THE DATA =>
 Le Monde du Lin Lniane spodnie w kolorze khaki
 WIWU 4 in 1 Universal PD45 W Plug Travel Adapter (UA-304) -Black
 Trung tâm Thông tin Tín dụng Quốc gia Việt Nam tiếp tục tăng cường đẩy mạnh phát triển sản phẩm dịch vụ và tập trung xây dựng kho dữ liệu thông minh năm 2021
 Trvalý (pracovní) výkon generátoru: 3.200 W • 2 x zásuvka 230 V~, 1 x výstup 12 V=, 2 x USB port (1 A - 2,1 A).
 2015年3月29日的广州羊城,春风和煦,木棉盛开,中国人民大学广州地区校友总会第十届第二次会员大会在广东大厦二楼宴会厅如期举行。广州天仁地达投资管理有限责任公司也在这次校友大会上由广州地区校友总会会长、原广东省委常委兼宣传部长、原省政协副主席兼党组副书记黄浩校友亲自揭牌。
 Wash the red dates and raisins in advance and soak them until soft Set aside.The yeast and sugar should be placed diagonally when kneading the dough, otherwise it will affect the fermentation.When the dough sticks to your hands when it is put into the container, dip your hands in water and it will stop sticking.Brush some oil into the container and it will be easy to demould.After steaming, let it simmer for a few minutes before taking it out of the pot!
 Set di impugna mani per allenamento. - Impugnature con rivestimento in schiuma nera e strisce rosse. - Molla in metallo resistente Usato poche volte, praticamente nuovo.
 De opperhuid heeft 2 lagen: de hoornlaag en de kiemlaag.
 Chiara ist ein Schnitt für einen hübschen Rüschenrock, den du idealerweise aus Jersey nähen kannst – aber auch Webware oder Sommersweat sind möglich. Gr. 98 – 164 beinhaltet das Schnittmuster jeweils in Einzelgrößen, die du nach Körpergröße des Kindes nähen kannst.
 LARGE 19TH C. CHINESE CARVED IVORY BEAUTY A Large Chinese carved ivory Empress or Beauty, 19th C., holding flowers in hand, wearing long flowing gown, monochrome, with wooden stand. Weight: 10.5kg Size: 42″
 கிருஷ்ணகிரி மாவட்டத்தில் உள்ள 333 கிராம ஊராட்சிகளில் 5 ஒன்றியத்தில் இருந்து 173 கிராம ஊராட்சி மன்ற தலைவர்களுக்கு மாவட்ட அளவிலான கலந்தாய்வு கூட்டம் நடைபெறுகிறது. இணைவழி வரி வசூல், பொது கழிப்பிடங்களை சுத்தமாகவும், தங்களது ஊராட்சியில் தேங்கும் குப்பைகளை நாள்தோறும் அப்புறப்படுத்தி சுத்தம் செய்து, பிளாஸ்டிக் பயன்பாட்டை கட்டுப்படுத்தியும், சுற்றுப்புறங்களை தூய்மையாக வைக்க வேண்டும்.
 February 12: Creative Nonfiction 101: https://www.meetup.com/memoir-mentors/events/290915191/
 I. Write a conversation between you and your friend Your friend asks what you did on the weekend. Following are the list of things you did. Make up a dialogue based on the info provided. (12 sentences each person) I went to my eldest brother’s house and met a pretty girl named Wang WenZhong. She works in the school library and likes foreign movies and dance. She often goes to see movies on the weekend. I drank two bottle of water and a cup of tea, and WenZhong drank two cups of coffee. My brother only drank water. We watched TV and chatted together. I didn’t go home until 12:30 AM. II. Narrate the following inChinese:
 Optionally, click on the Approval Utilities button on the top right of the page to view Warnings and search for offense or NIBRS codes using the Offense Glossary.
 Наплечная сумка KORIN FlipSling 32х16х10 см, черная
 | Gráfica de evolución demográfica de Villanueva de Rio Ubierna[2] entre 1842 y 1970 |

PROMPT =>
Take the listing above and set it down exactly.

WRITTEN SOLUTION =>
 Le Monde du Lin Lniane spodnie w kolorze khaki
 WIWU 4 in 1 Universal PD45 W Plug Travel Adapter (UA-304) -Black
 Trung tâm Thông tin Tín dụng Quốc gia Việt Nam tiếp tục tăng cường đẩy mạnh phát triển sản phẩm dịch vụ và tập trung xây dựng kho dữ liệu thông minh năm 2021
 Trvalý (pracovní) výkon generátoru: 3.200 W • 2 x zásuvka 230 V~, 1 x výstup 12 V=, 2 x USB port (1 A - 2,1 A).
 2015年3月29日的广州羊城,春风和煦,木棉盛开,中国人民大学广州地区校友总会第十届第二次会员大会在广东大厦二楼宴会厅如期举行。广州天仁地达投资管理有限责任公司也在这次校友大会上由广州地区校友总会会长、原广东省委常委兼宣传部长、原省政协副主席兼党组副书记黄浩校友亲自揭牌。
 Wash the red dates and raisins in advance and soak them until soft Set aside.The yeast and sugar should be placed diagonally when kneading the dough, otherwise it will affect the fermentation.When the dough sticks to your hands when it is put into the container, dip your hands in water and it will stop sticking.Brush some oil into the container and it will be easy to demould.After steaming, let it simmer for a few minutes before taking it out of the pot!
 Set di impugna mani per allenamento. - Impugnature con rivestimento in schiuma nera e strisce rosse. - Molla in metallo resistente Usato poche volte, praticamente nuovo.
 De opperhuid heeft 2 lagen: de hoornlaag en de kiemlaag.
 Chiara ist ein Schnitt für einen hübschen Rüschenrock, den du idealerweise aus Jersey nähen kannst – aber auch Webware oder Sommersweat sind möglich. Gr. 98 – 164 beinhaltet das Schnittmuster jeweils in Einzelgrößen, die du nach Körpergröße des Kindes nähen kannst.
 LARGE 19TH C. CHINESE CARVED IVORY BEAUTY A Large Chinese carved ivory Empress or Beauty, 19th C., holding flowers in hand, wearing long flowing gown, monochrome, with wooden stand. Weight: 10.5kg Size: 42″
 கிருஷ்ணகிரி மாவட்டத்தில் உள்ள 333 கிராம ஊராட்சிகளில் 5 ஒன்றியத்தில் இருந்து 173 கிராம ஊராட்சி மன்ற தலைவர்களுக்கு மாவட்ட அளவிலான கலந்தாய்வு கூட்டம் நடைபெறுகிறது. இணைவழி வரி வசூல், பொது கழிப்பிடங்களை சுத்தமாகவும், தங்களது ஊராட்சியில் தேங்கும் குப்பைகளை நாள்தோறும் அப்புறப்படுத்தி சுத்தம் செய்து, பிளாஸ்டிக் பயன்பாட்டை கட்டுப்படுத்தியும், சுற்றுப்புறங்களை தூய்மையாக வைக்க வேண்டும்.
 February 12: Creative Nonfiction 101: https://www.meetup.com/memoir-mentors/events/290915191/
 I. Write a conversation between you and your friend Your friend asks what you did on the weekend. Following are the list of things you did. Make up a dialogue based on the info provided. (12 sentences each person) I went to my eldest brother’s house and met a pretty girl named Wang WenZhong. She works in the school library and likes foreign movies and dance. She often goes to see movies on the weekend. I drank two bottle of water and a cup of tea, and WenZhong drank two cups of coffee. My brother only drank water. We watched TV and chatted together. I didn’t go home until 12:30 AM. II. Narrate the following inChinese:
 Optionally, click on the Approval Utilities button on the top right of the page to view Warnings and search for offense or NIBRS codes using the Offense Glossary.
 Наплечная сумка KORIN FlipSling 32х16х10 см, черная
 | Gráfica de evolución demográfica de Villanueva de Rio Ubierna[2] entre 1842 y 1970 |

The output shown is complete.